Exasperated due to the frequent strikes by a section of workers affiliated to different unions at its largest Indian manufacturing plant in Halol near Vadodara, multinational automaker General Motors India is now bracing for a possible showdown with striking workers, who have been warned to return to work by the first shift of Friday, or face dismissal and be replaced by new job-seekers.

Intervention sought

As the strike entered eighth day today, the National Human Rights Commission (NHRC) had asked the district administration to send a report on the issue of alleged ‘inhuman' work conditions at GM plant.

On the other hand, the American Chamber of Commerce in India (AMCHAM-India), an association of US businesses operating in India, has also asked the Gujarat Government to intervene.

After their three-day strike in October 2010, a group of workers affiliated to the pro-Congress Party trade union INTUC went on flash strike again on March 16. On Thursday, hardening its stand, GM published a public notice-cum-ultimatum in the newspapers, dubbing the strike as illegal, adding that even the State Government has on March 18 declared it illegal.

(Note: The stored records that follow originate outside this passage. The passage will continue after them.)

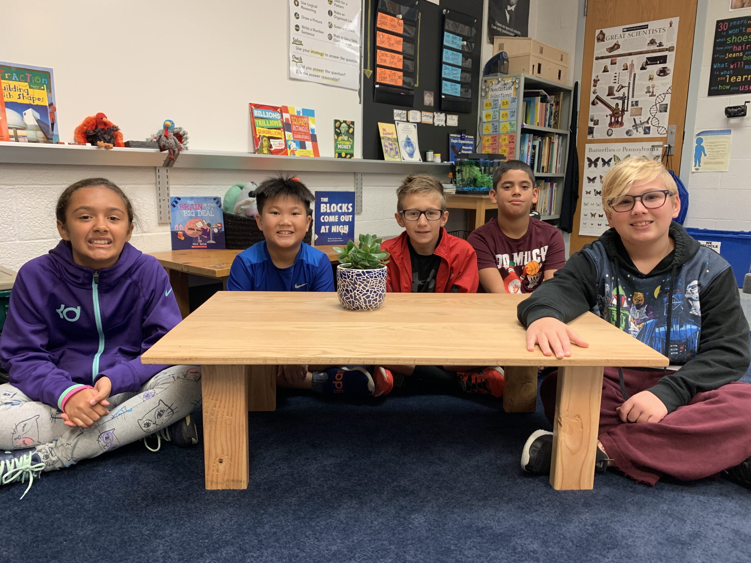 During the 2018-19 school year, Denver Elementary hosted a morning “Brain Builders” group for fourth and fifth graders who benefited from additional academic support. The group’s facilitators talked about providing the Brain Builders an opportunity to apply the steps in the Engineering Design Process with a real-world experience. They started the EDP process by asking students: “What could Brain Builders design that would improve learning in our school?” After imagining all the possibilities, the children agreed that “little tables” should be made so that students could get away from their desks during collaborative centers and work together on the floor. Their plan originated from their experiences working at a little table in Mrs. Lutz’s STEM lab. They settled on a project that had already been invented by another person, naming their design after the original builder, a retired teacher and administrator, Dr. Robert Hamilton.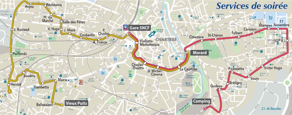 Moovit has an easy-to-download Evening bus network (Friday and Saturday) Map, that serves as your offline Chartres bus map while traveling. This map can be saved in your phone and it’s easy to share with friends. To view the downloaded map, no internet connection is required. It’s the offline bus map in Chartres that will take you where you need to go.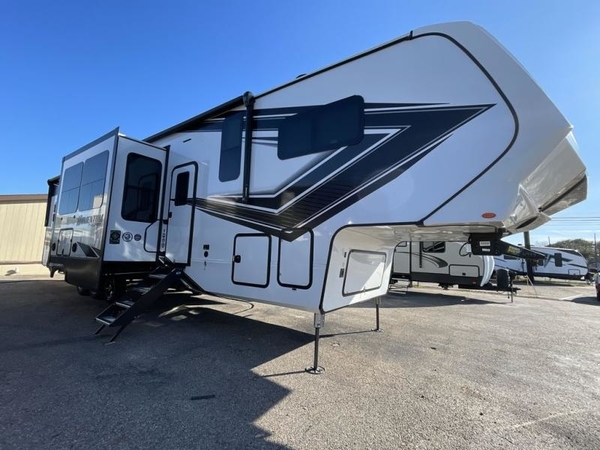 The Momentum M-Class fifth wheel toy haulers by Grand Design are lighter than the Momentum yet aren't lightweight on features when it comes to elegant design, luxury and a "Class" of its own! The chef-inspired kitchen provides a free-standing 3.7 cu. ft. gas range, a four burner cooktop with cast iron grill, an electronic ignition oven, and a digital display and interior oven light, plus 42,500 BTU of cooking power. The upgraded main bathroom offers solid surface counter tops, a three-jet shower panel system, a shower wand, and a teak bench seat. Each toy hauler includes a triple insulated garage floor, Tuff-Ply gas and oil resistant garage flooring, 2,500 lb. rated flush-mount tie-downs, and a Fast Ramp rear ramp door with two-sided lift-assist technology making it easy for one person to operate. And the MORryde CRE3000 suspension system and the rubber pin box, plus the upgraded axle hangers provide performance and smooth towing to your favorite destinations!

The Labour Commissioner's office had invited union leaders and the GM management for a conciliatory meeting today but the latter did not turn up, reports from Vadodara said. The Panchmahals district administration has, meanwhile, imposed prohibitory orders under Section 144, Indian Penal Code, around the GM factory prohibiting assembly of more than four people.

Tomorrow, the strikers have threatened a sit-in at the plant. They will also be meeting the district magistrate, Mr Milind Toravane, and move the High Court against prohibitory orders, a union spokesman said. State INTUC President Mr Nikhil Mehta said the State Government and GM's notifications describing the strike illegal was against the Industrial Disputes Act, and that only temporary workers had returned to work at the plant.

650 turn up

Meanwhile, Mr P. Balendran, Director, GM India, told Business Line that with more workers returning to duty, nearly 650 workers, out of a total of 900, worked today . The remaining 250 have also been asked to return. The company was ready to discuss with workers once they report to work. The workers had signed an agreement in December 2010 pertaining to their wages for three years and had violated it themselves now, he added.

On the other hand, the union claimed that 650 workers were still on strike. The Halol facility has a capacity to manufacture 85,000 units per annum. Due to the strike, the company was able to make only 70 units a day, against 190 scheduled. According to Mr Balendran, 100 units were manufactured today.

The workers's demands include payment for overtime work according to the Factory Act, reduction of work load, revocation of the management's practice of transferring union leaders to dealers' network and ‘forcing' unskilled or semi-skilled ones to work.